» Material for this exercise:

'''

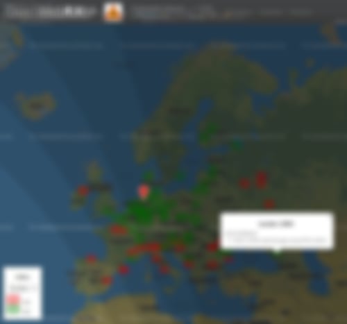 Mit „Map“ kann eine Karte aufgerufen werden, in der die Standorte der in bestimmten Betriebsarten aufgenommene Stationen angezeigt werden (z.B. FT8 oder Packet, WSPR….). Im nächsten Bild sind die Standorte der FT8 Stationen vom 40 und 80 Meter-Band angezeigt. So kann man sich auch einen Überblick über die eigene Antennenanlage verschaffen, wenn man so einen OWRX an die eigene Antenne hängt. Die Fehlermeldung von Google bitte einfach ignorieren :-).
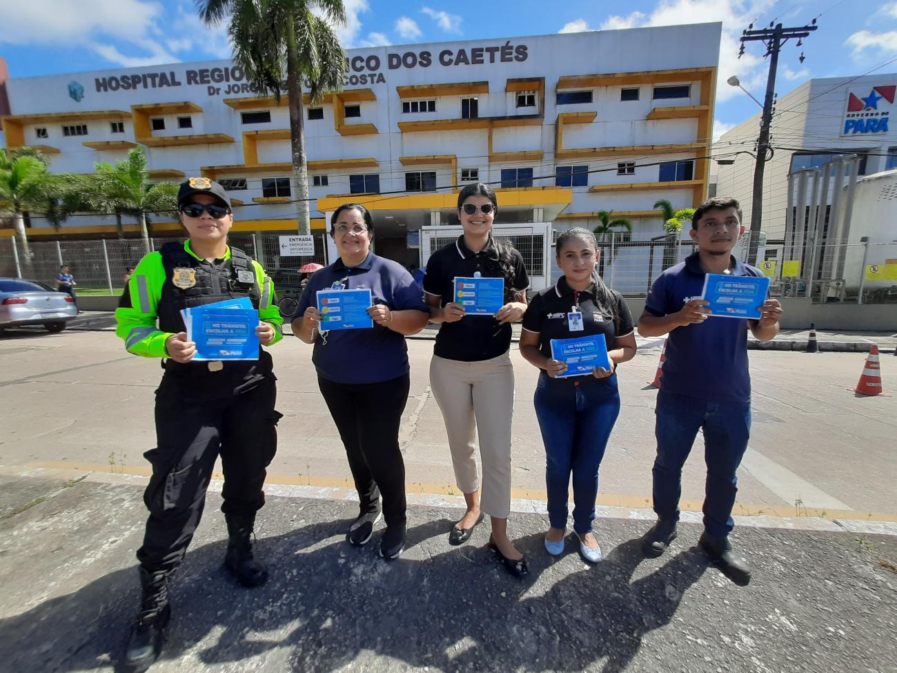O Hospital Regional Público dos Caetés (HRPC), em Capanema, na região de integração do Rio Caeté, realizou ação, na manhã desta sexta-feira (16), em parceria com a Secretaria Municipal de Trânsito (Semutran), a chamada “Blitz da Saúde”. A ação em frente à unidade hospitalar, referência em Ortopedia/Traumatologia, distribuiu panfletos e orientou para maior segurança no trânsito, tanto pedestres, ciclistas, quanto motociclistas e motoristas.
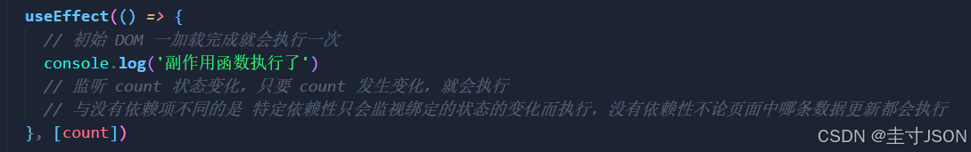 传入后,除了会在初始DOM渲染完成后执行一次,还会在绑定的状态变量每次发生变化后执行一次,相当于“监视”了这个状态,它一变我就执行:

'''
'''

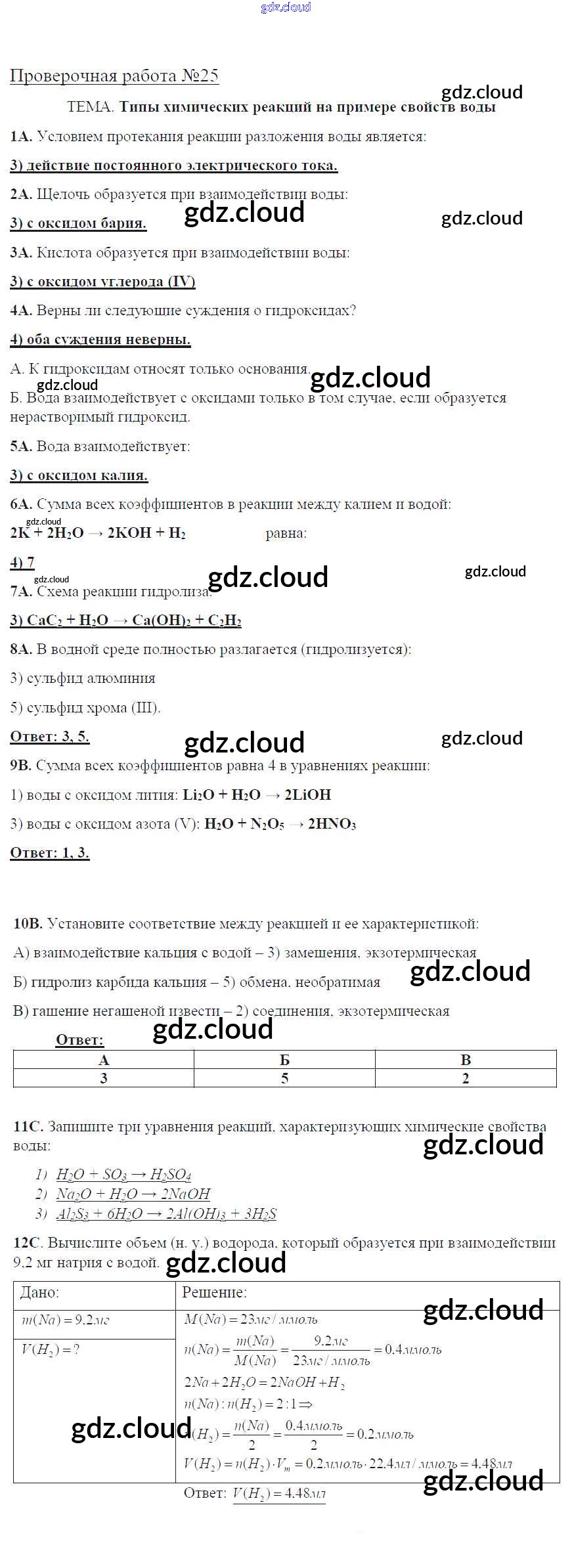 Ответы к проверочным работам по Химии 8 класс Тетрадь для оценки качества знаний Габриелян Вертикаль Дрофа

'''

» Task description: Above, find the line holding "O Hospital Regional" and the line holding "传入后,除了会在初始DOM渲". Print exactly those two lines and every line between them, but no pictures.

» Exercise solution:
O Hospital Regional Público dos Caetés (HRPC), em Capanema, na região de integração do Rio Caeté, realizou ação, na manhã desta sexta-feira (16), em parceria com a Secretaria Municipal de Trânsito (Semutran), a chamada “Blitz da Saúde”. A ação em frente à unidade hospitalar, referência em Ortopedia/Traumatologia, distribuiu panfletos e orientou para maior segurança no trânsito, tanto pedestres, ciclistas, quanto motociclistas e motoristas.
 传入后,除了会在初始DOM渲染完成后执行一次,还会在绑定的状态变量每次发生变化后执行一次,相当于“监视”了这个状态,它一变我就执行:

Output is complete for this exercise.